──────── GIVEN DATA

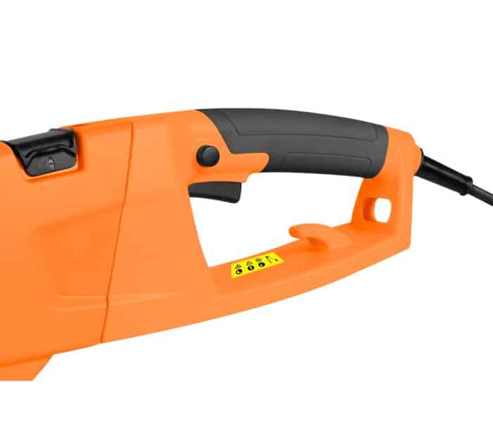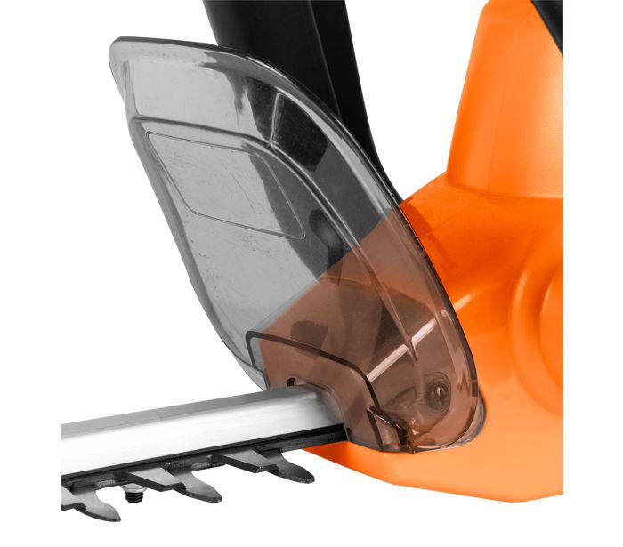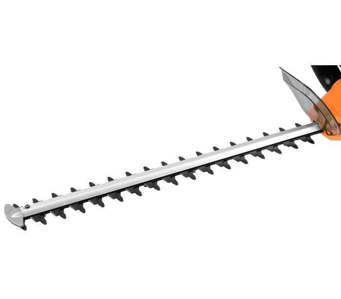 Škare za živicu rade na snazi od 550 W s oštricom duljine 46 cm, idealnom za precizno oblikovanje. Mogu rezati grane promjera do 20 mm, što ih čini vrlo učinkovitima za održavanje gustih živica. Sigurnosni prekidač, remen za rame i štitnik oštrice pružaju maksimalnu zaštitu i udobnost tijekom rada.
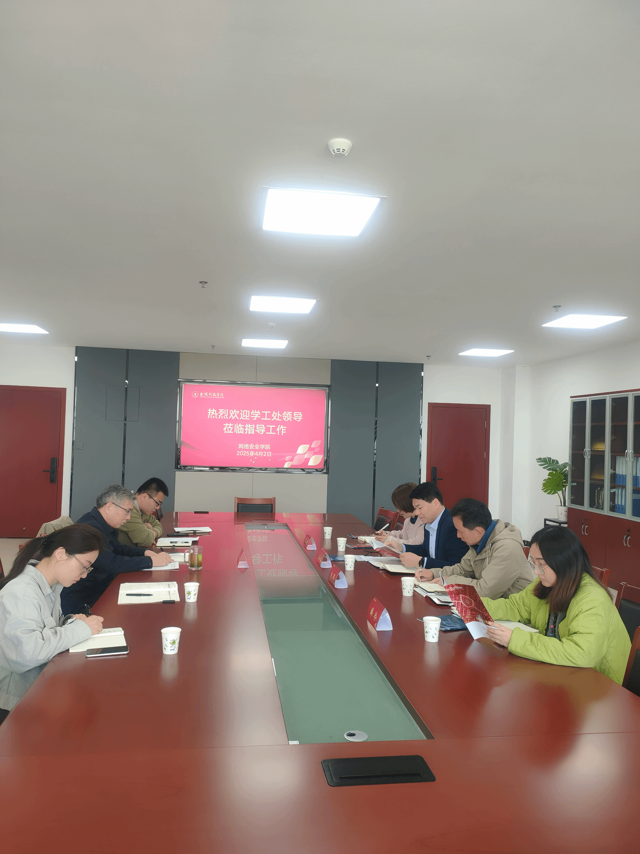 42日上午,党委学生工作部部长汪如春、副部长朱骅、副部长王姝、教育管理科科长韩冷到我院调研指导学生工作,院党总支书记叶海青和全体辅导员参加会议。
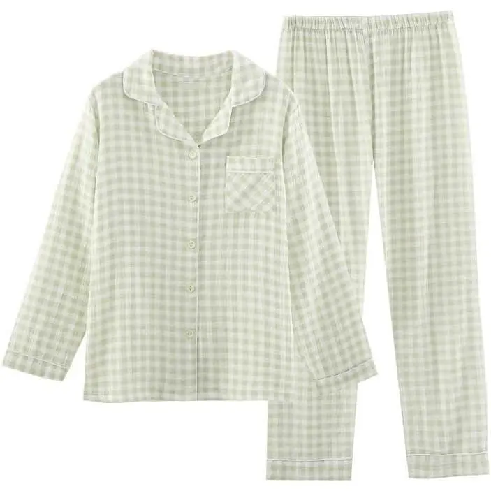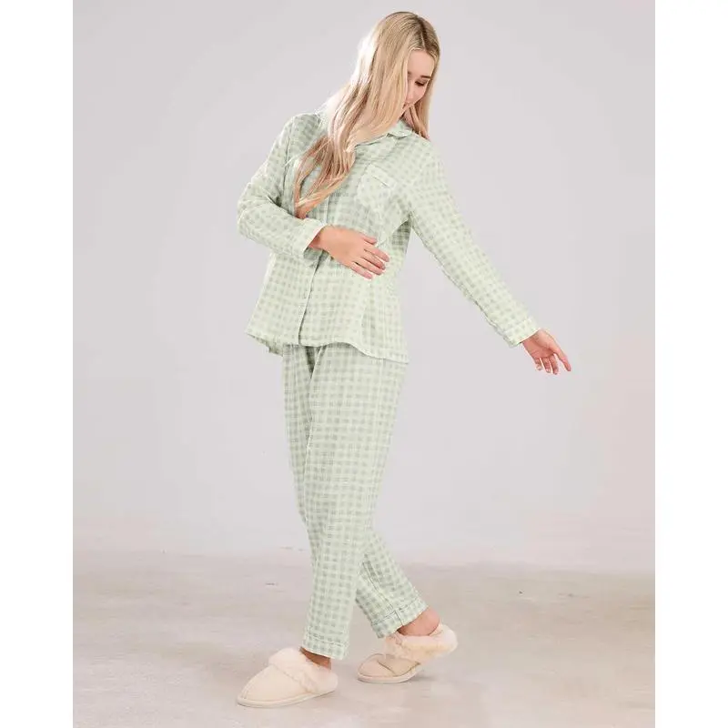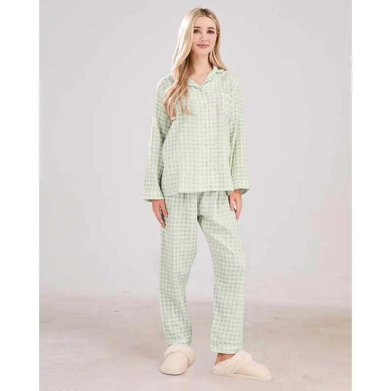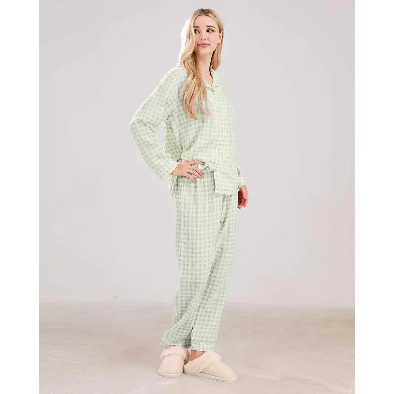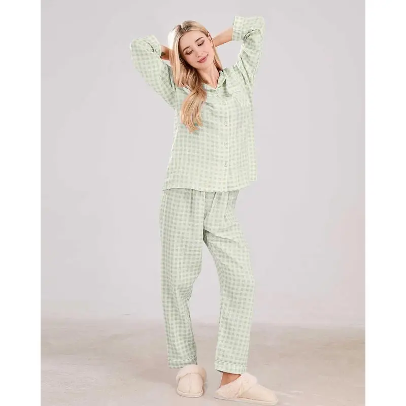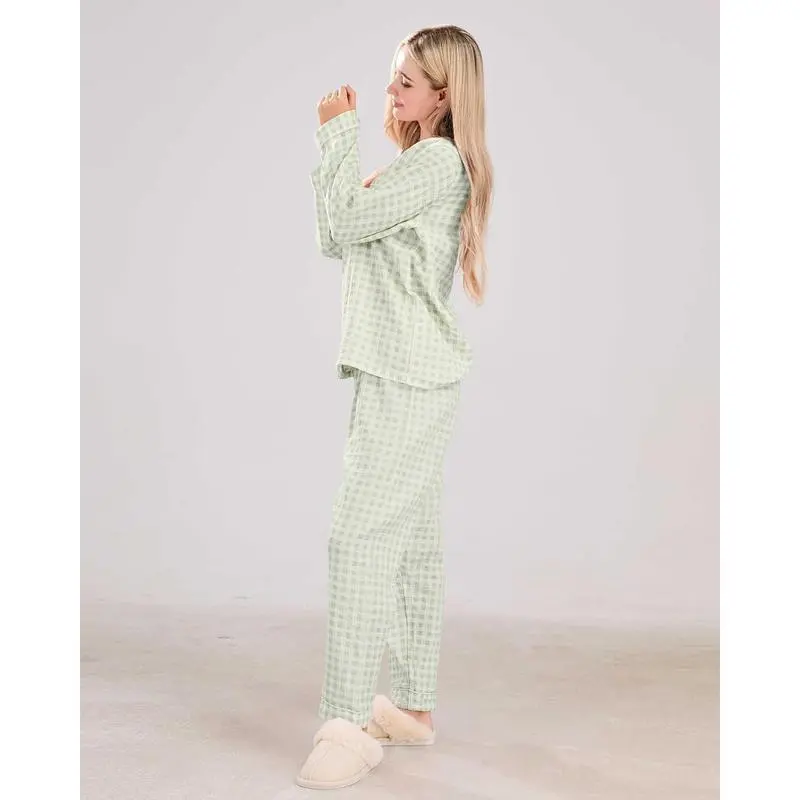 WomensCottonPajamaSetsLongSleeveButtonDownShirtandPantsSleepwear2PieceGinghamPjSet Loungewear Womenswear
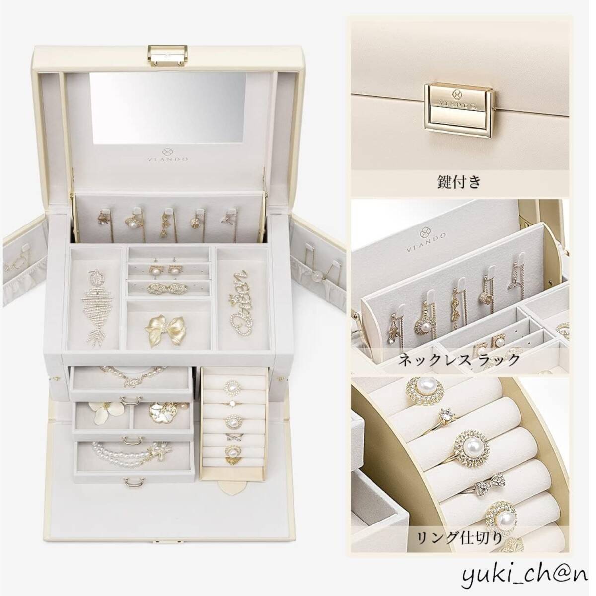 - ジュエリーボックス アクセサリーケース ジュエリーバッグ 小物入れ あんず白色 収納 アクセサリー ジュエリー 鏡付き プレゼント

────────────────

Print exactly the lines from the line with "42日上午,党委学生工作部部" through the end of the data, both ends included, and print no pictures.

 42日上午,党委学生工作部部长汪如春、副部长朱骅、副部长王姝、教育管理科科长韩冷到我院调研指导学生工作,院党总支书记叶海青和全体辅导员参加会议。
 WomensCottonPajamaSetsLongSleeveButtonDownShirtandPantsSleepwear2PieceGinghamPjSet Loungewear Womenswear
 - ジュエリーボックス アクセサリーケース ジュエリーバッグ 小物入れ あんず白色 収納 アクセサリー ジュエリー 鏡付き プレゼント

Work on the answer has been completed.